Videos on social media show several tourists walking through the emergency alternative tunnel, along the 50-kilometer railway route between France and Britain, some with suitcases and dogs.

“The emergency tunnel was terrifying,” explained one of the trapped tourists, Sarah Fellows, 37, from Birmingham to the PA news agency. “It was like a disaster movie. We were walking into the abyss not knowing what was going on. We all had to stay under the sea in this big queue. There was a woman crying in the tunnel, another woman with a panic attack traveling alone,” she says.

Another passenger, who did not want to be identified, assured the news agency that “many people were afraid to be in the service tunnel, which is a somewhat strange place… We were trapped there for at least five hours”.

A spokesman for the Eurotunnel company, which manages the Le Shuttle service, pointed out that “a train broke down in the tunnel” and they were transferring passengers to a separate passenger transport service to return to the Folkestone terminal. However, he later explained to the BBC that the train had not actually broken down, but that the alarms had been triggered by what had to be investigated.

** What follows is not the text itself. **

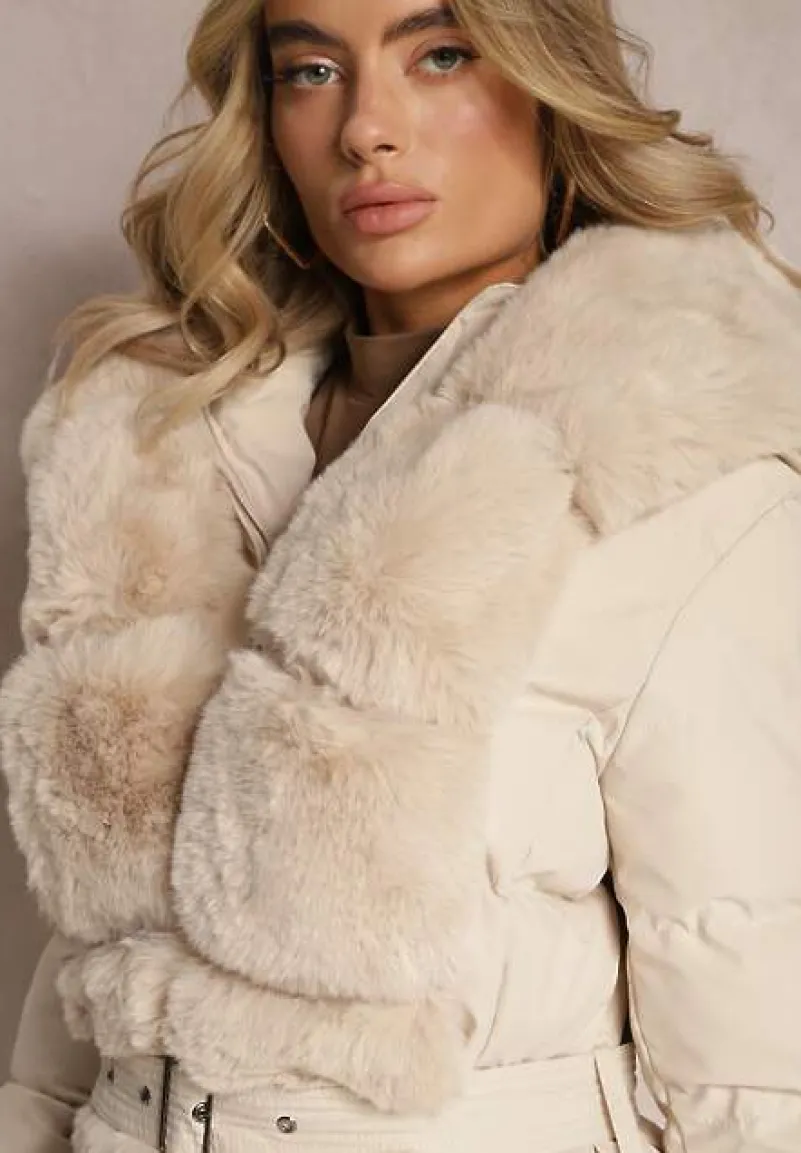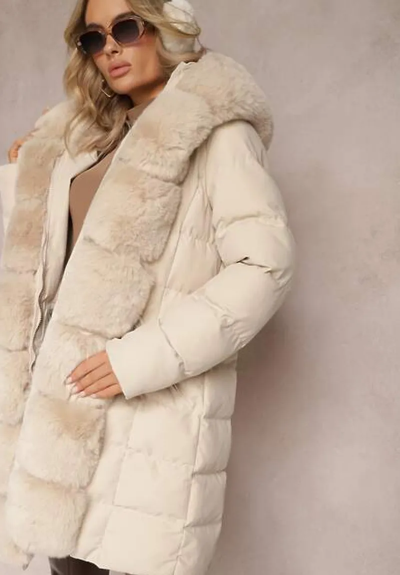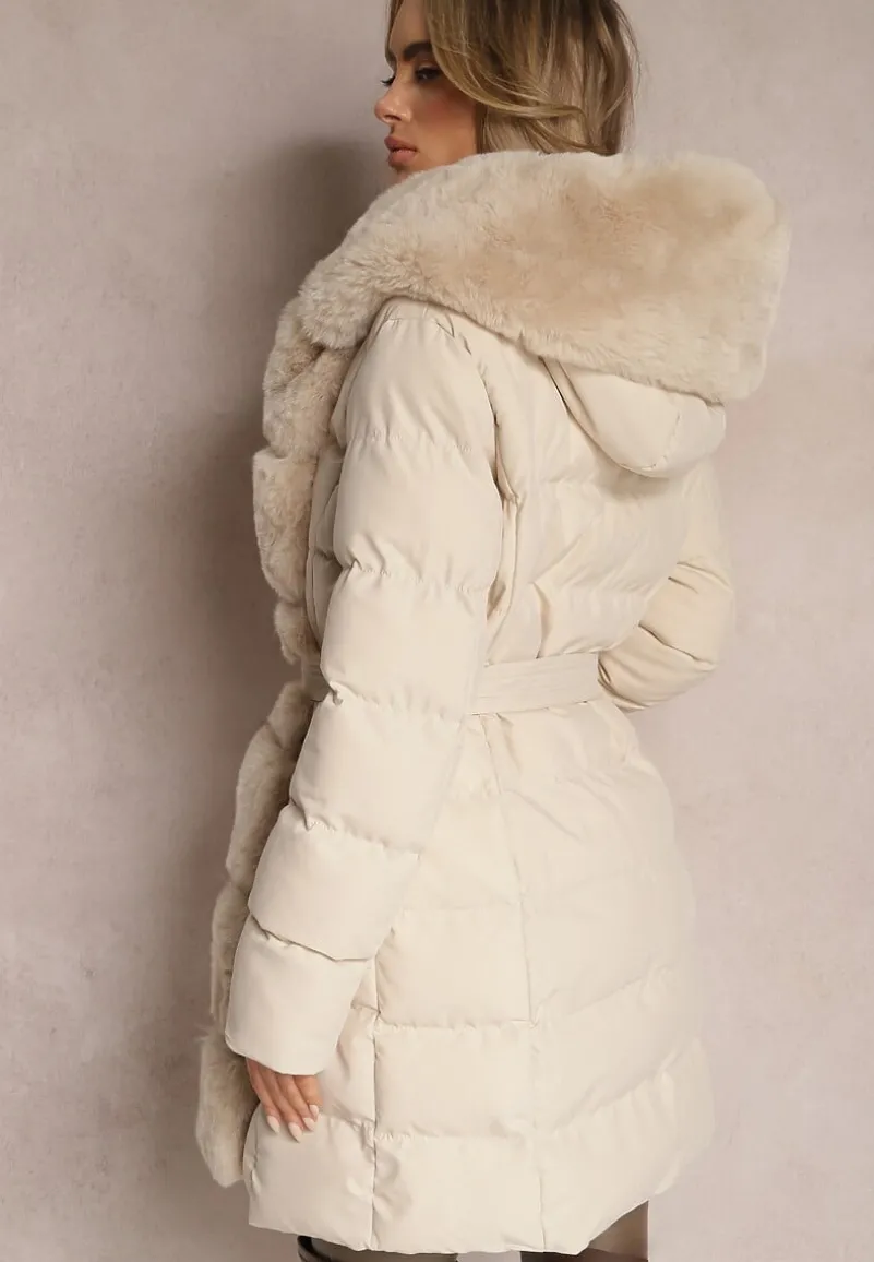 Kurtka Ikorrde o przedłużonym fasonie z kapturem i ozdobnym pikowaniem. Zapinana na zamek błyskawiczny. Kieszenie na suwak na wysokości bioder. Ozdobiona odczepianym sztucznym futerkiem wzdłuż suwaka i kaptura. W talii elastyczny pasek.

The Eurotunnel is a railway tunnel that departs from northern France and links the Old Continent with the British Isles. It was inaugurated on 6 May 1994 and allows the journey Coquelles (France) and Folkestone (UK) in just 35 minutes. It is the third longest tunnel in the world and the first longest submarine section in the world.

The rear half of the Shuttle train carries cars and other small vehicles in double-decker wagons. Coaches, buses and small trucks travel in one-story wagons at the front of the train.